_DIRECTIONS_
Only one stretch of the records below is wanted: the lines from the one holding "在鋁制框架的輸送側(cè)小直徑滾子部安裝有鋼軌,可用于所有倍速鏈條。" through the one holding "Uma bandeira kosovar". Return it exactly, both ends included.

_ENTRIES PROVIDED_
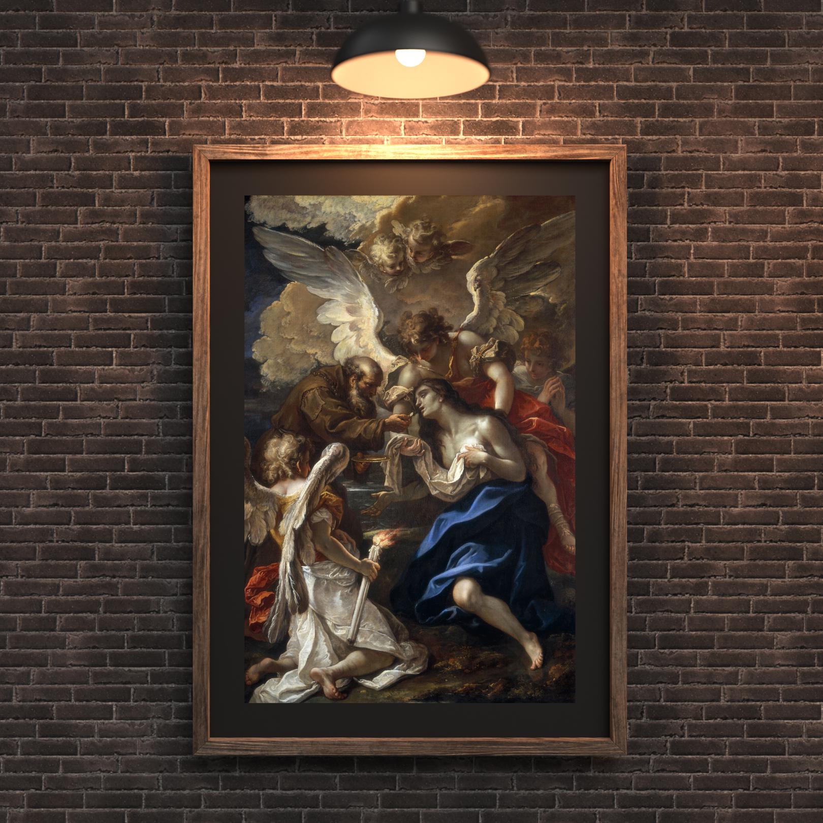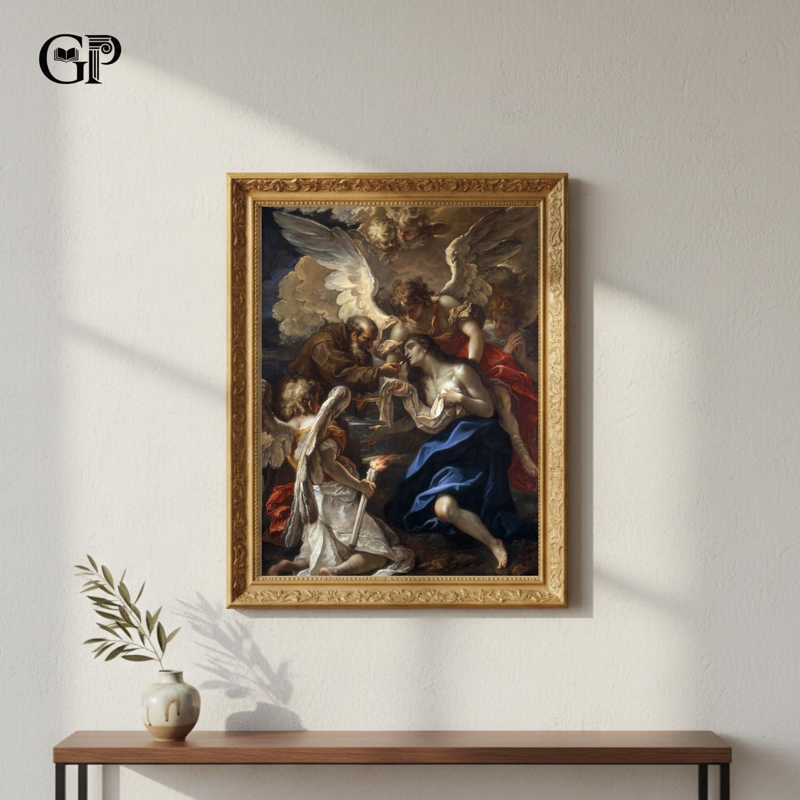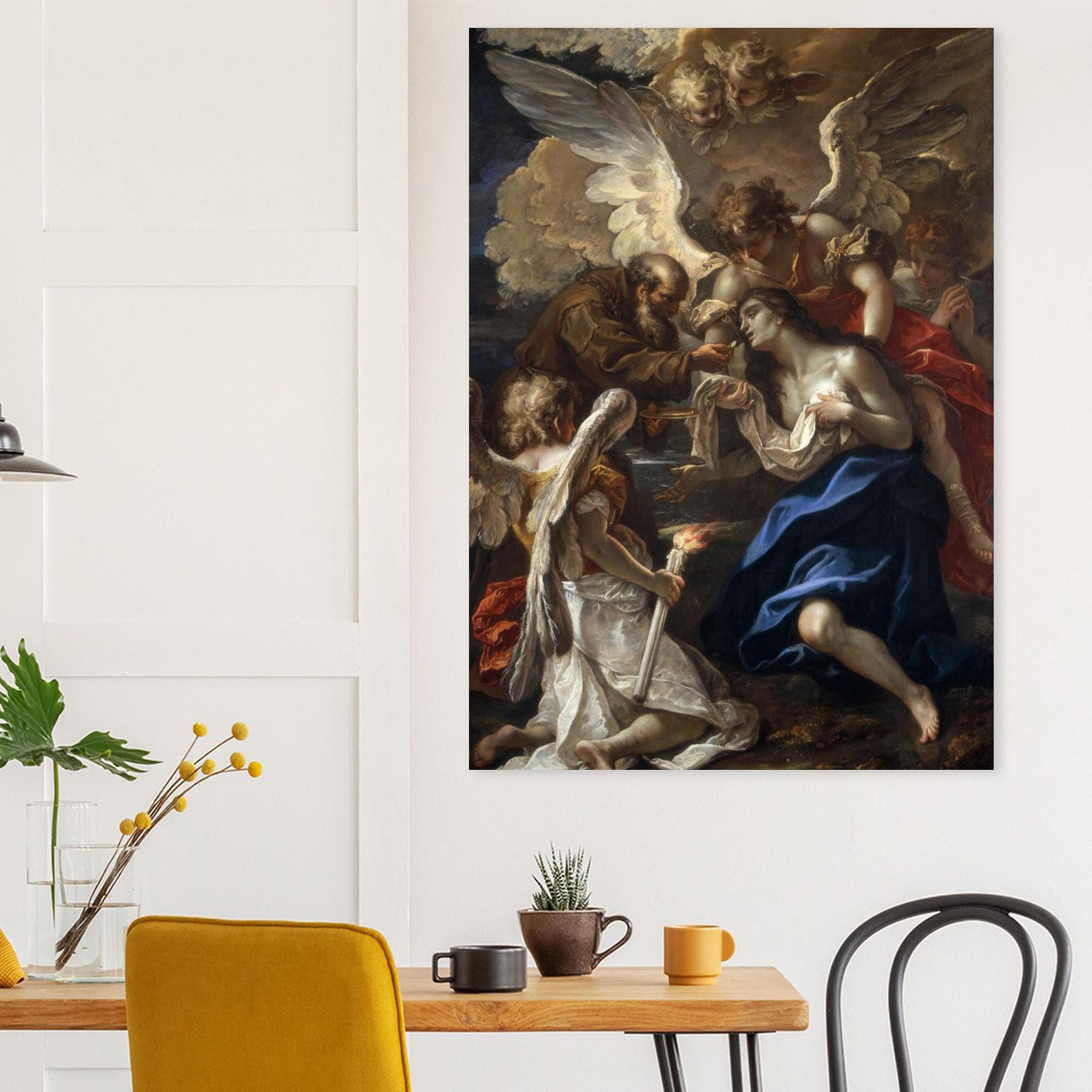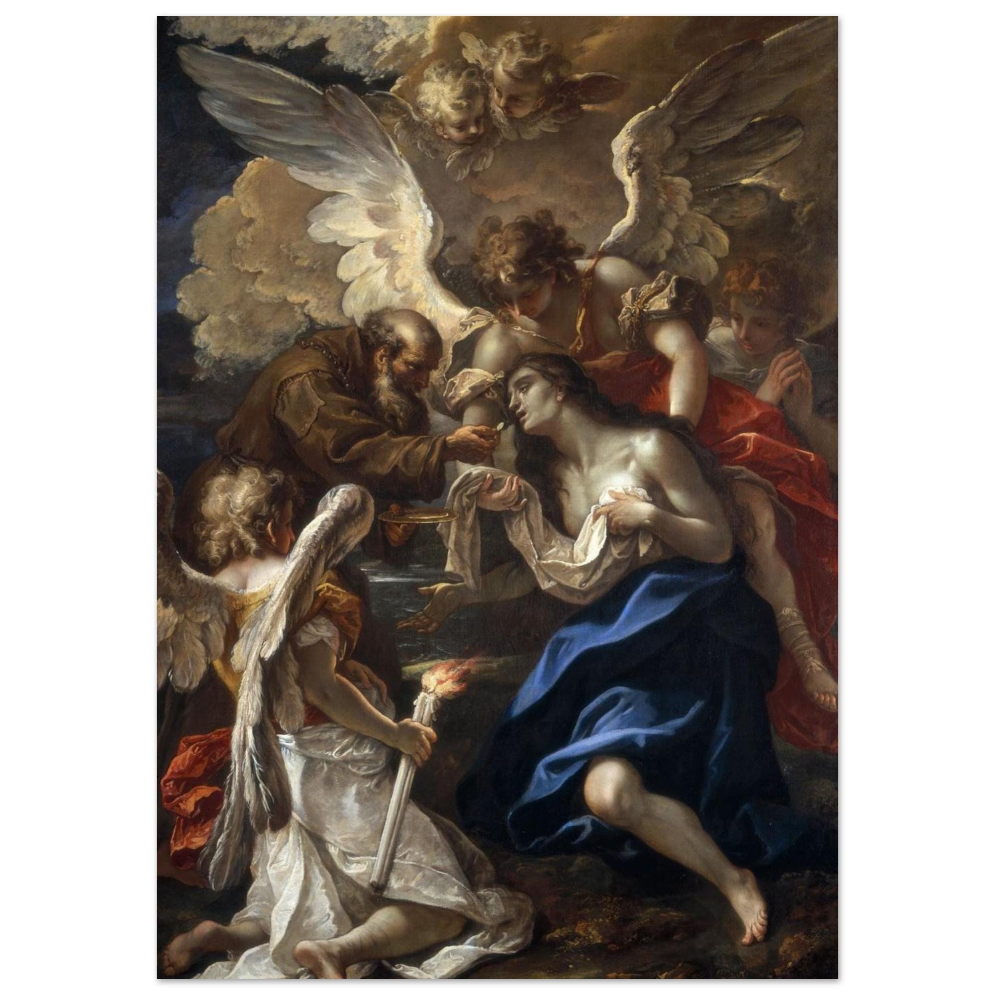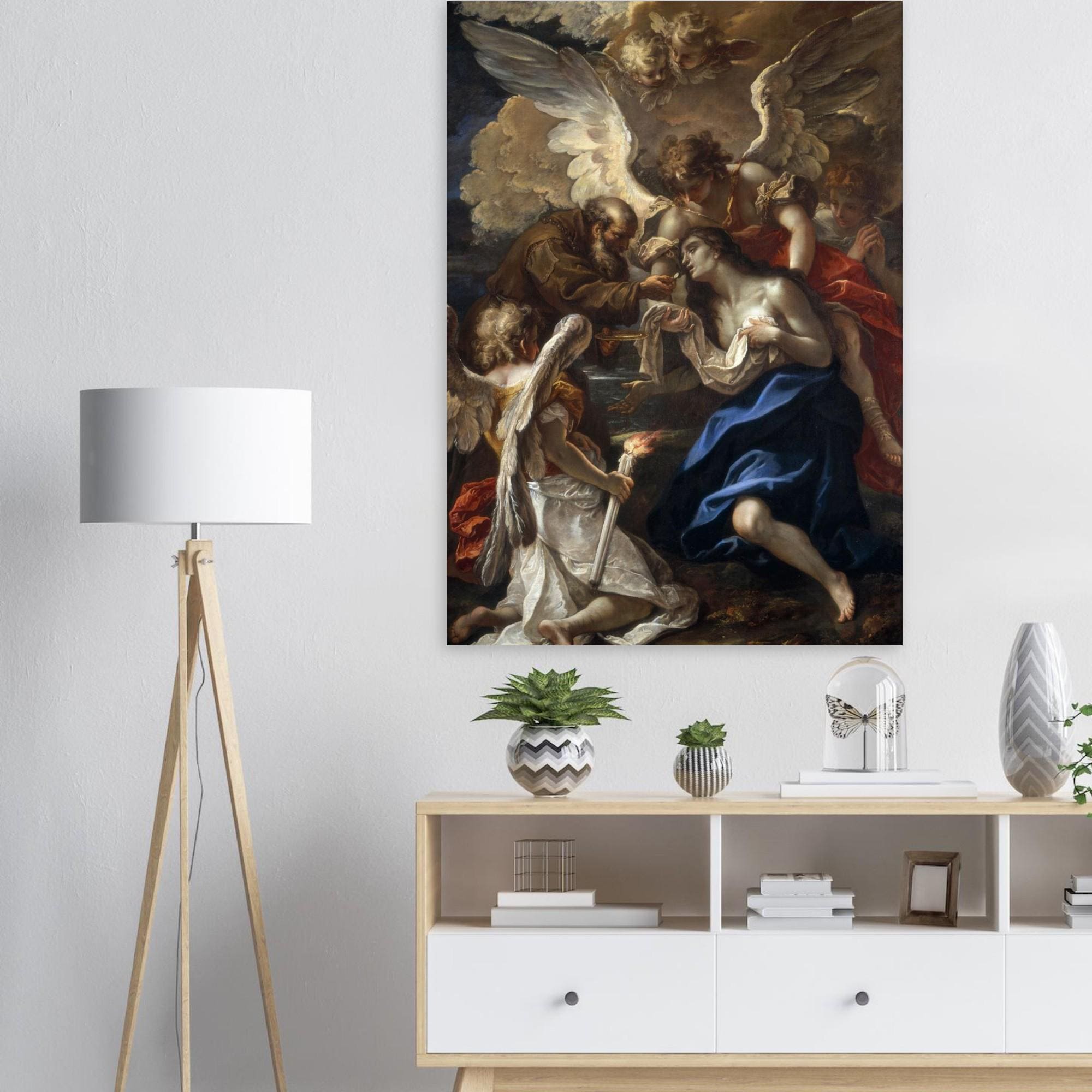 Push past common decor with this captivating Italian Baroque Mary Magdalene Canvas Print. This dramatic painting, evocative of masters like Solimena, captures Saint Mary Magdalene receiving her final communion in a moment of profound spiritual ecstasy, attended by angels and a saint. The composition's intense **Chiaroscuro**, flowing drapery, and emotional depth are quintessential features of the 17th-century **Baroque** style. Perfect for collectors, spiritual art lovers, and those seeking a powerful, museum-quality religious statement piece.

...

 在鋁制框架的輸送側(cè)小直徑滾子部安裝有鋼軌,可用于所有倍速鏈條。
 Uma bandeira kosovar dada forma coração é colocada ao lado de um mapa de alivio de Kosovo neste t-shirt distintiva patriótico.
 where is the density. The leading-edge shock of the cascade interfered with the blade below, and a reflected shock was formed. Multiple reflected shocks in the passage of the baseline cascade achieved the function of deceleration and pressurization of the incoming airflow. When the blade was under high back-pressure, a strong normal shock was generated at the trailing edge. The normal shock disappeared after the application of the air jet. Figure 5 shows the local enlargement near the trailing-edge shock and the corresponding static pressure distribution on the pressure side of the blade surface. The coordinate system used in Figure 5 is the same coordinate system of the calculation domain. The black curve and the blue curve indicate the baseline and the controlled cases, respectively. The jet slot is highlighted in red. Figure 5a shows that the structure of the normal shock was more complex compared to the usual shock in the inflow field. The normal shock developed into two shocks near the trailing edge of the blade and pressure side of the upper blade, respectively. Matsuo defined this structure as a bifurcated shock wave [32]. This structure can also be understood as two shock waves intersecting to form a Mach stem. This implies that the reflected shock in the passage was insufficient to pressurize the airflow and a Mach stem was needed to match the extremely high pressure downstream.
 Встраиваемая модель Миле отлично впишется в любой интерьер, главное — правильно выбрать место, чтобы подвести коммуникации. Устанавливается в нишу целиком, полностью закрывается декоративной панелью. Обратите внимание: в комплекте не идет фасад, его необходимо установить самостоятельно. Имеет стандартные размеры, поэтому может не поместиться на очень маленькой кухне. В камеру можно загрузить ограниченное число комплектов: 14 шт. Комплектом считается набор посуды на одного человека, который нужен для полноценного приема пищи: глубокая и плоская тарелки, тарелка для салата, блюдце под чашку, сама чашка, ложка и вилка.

_PROBLEM SOLUTION_
 在鋁制框架的輸送側(cè)小直徑滾子部安裝有鋼軌,可用于所有倍速鏈條。
 Uma bandeira kosovar dada forma coração é colocada ao lado de um mapa de alivio de Kosovo neste t-shirt distintiva patriótico.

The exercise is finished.